(Input data Opens)

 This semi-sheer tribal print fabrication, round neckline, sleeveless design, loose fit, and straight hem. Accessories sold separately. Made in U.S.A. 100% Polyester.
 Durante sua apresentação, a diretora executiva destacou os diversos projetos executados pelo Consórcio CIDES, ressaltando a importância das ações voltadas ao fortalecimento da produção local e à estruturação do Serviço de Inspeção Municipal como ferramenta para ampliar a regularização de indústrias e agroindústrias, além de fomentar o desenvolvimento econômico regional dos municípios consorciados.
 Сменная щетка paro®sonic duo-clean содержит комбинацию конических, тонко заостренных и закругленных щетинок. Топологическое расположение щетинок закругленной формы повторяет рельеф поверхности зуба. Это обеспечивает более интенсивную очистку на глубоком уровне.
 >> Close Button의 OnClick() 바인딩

(Input data Closes)
(Input data Opens)

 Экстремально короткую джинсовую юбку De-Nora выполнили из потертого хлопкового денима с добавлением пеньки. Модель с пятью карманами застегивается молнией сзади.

(Input data Closes)

## What needs to be done
From the records above, retype only the lines starting at the line that contains "Durante sua apresentação, a" and ending at the line that contains "Button의 OnClick() 바인딩", both included.

## Answer to the exercise
 Durante sua apresentação, a diretora executiva destacou os diversos projetos executados pelo Consórcio CIDES, ressaltando a importância das ações voltadas ao fortalecimento da produção local e à estruturação do Serviço de Inspeção Municipal como ferramenta para ampliar a regularização de indústrias e agroindústrias, além de fomentar o desenvolvimento econômico regional dos municípios consorciados.
 Сменная щетка paro®sonic duo-clean содержит комбинацию конических, тонко заостренных и закругленных щетинок. Топологическое расположение щетинок закругленной формы повторяет рельеф поверхности зуба. Это обеспечивает более интенсивную очистку на глубоком уровне.
 >> Close Button의 OnClick() 바인딩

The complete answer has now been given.